Every number from 1 to 2 not including 2, will give me an output of 1. Every number from 2 to 3, not including 3 will give me an output of 2 and so on. I can go in the negative direction. Every number from 1 to zero not including zero will give me -1. Now my transformation is -2 times the greatest integer less than or equal to x plus 1 plus 3. I need to take care of my horizontal transformations first.

The way I usually do that is I substitute u for x plus 1. If u equals x plus 1, then x equals u minus 1. To get my x values here I take my u values and subtract 1. Now since I have whole intervals, what I’m going to do is subtract 1 from each endpoint. The result is this becomes [-1, 0). This becomes [0, 1). This becomes [1, 2). This becomes [-2, -1).

What happens to the y values? Remember that x plus 1 is u so this is minus 2 times the greatest integer of u plus 3. So minus 2 times this column plus 3. Minus 2 times zero plus 3 is 3. Minus 2 times 1, -2 plus 3, is 1. Minus 2 times 2 is -4, plus 3 is -1 and minus 2 times -1 is 2 plus 3 is 5. Let me start by graphing all these, and they’re not just points, they are whole segments, from -1 to zero, I have 3. So -1’s here, zero’s here and I get the value 3. So my graph will look like that. That little segment there.

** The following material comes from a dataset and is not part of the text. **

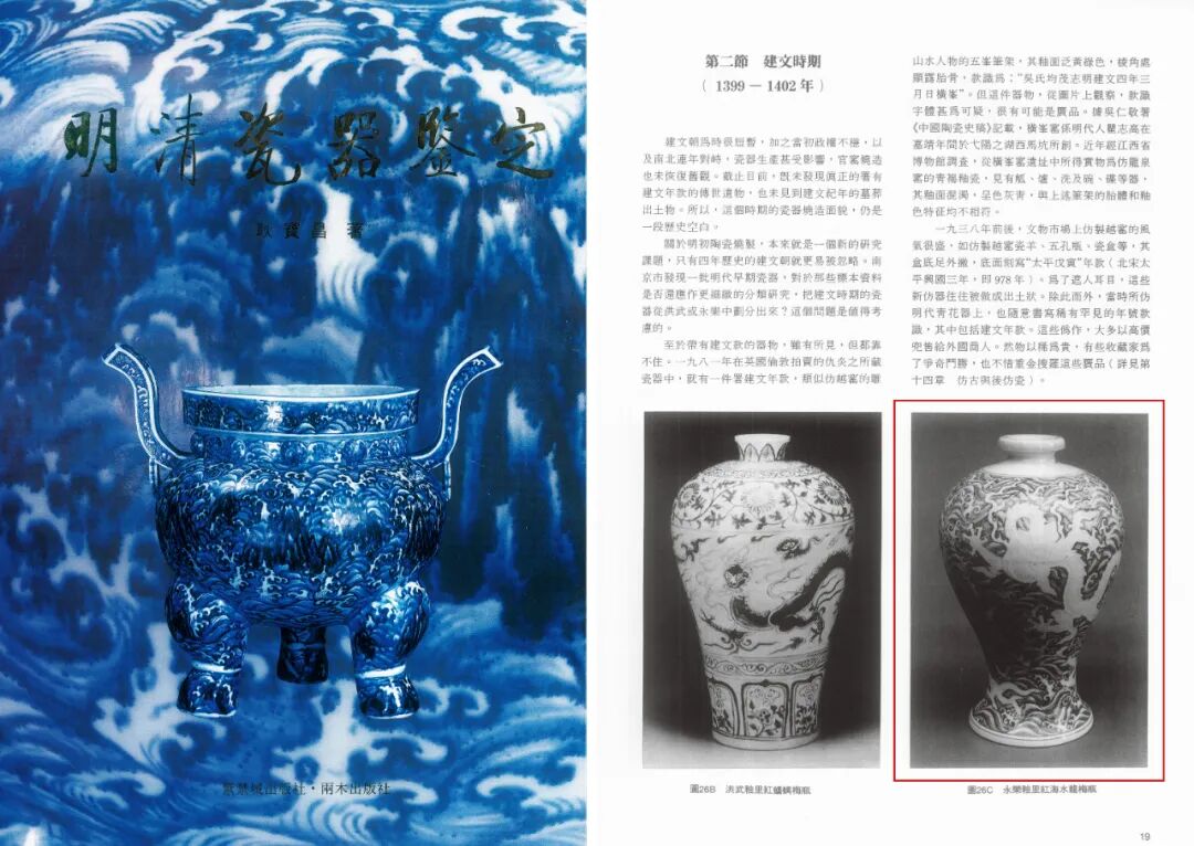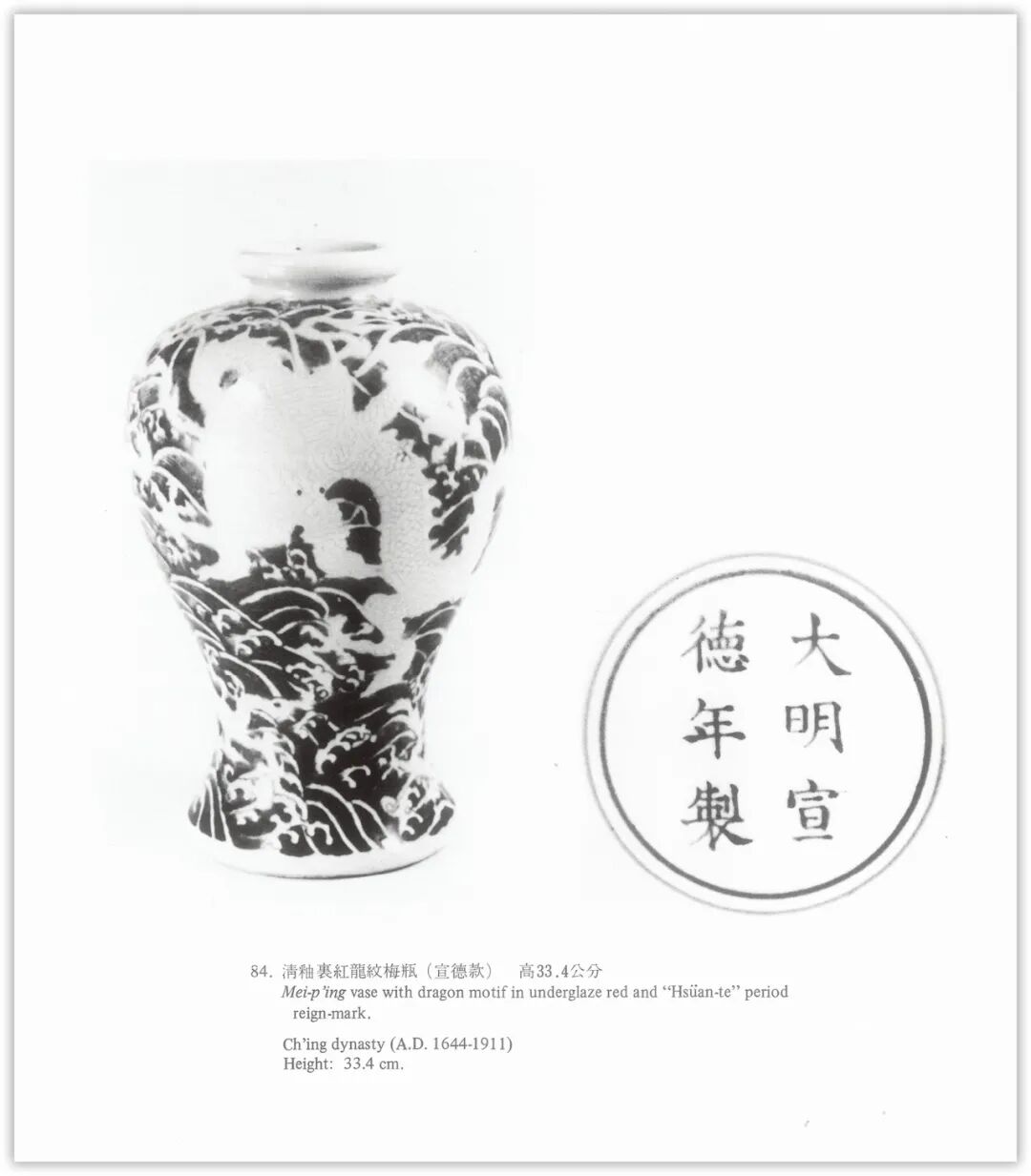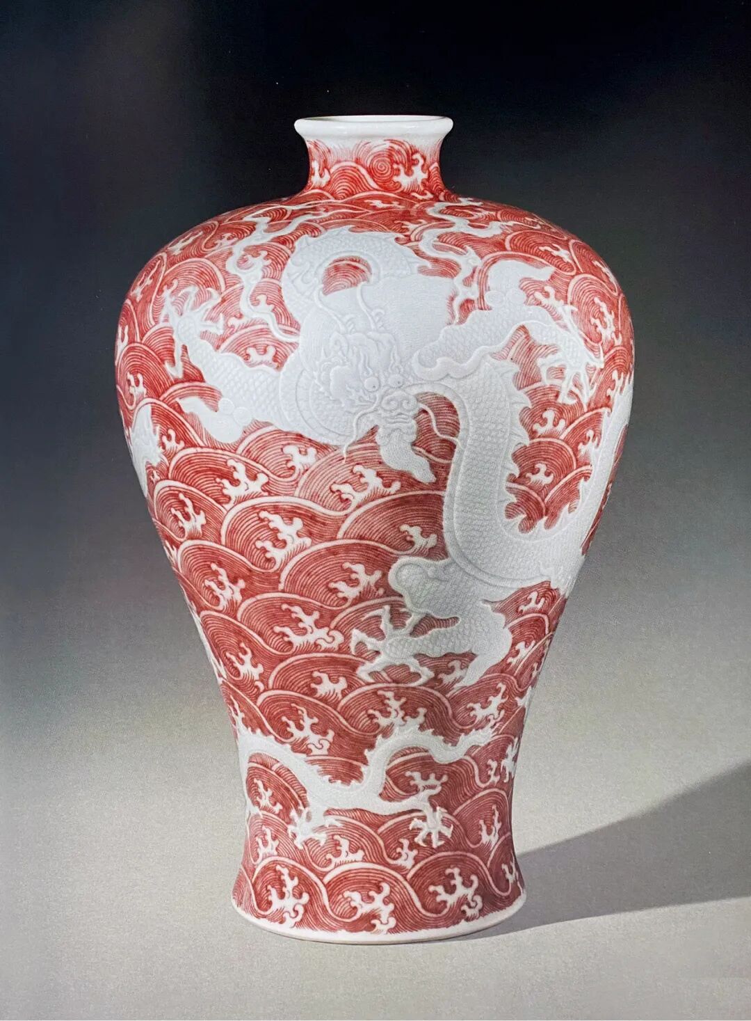查阅资料得知,国内外馆藏中,仍可见到数件康雍时期景德镇御窑追慕永乐釉里红海水龙纹梅瓶的作品传世,其中台北故宫博物院藏有一件,北京颐和园藏有两件,所饰龙纹双眼皆以青花点染,别具特色,外底青花双圈内书“大明宣德年制”六字楷书伪托款;此外,故宫博物院、纽约大都会艺术博物馆、旧金山亚洲艺术博物馆、香港望星楼及瑞士鲍尔基金会皆藏有雍正作品,可资比较研究。

From zero to 1 I have 1. So over here 1. From 1 to 2 I get -1, so that’s down here. From -1 to -2 I get 5,that’s over here so I want to get 5. And this is going to continue up this way and down this way. I’ll draw one more though. You can indicate that it continues with an ellipsis in each direction. That’s our final graph; this is our transformed greatest integer function.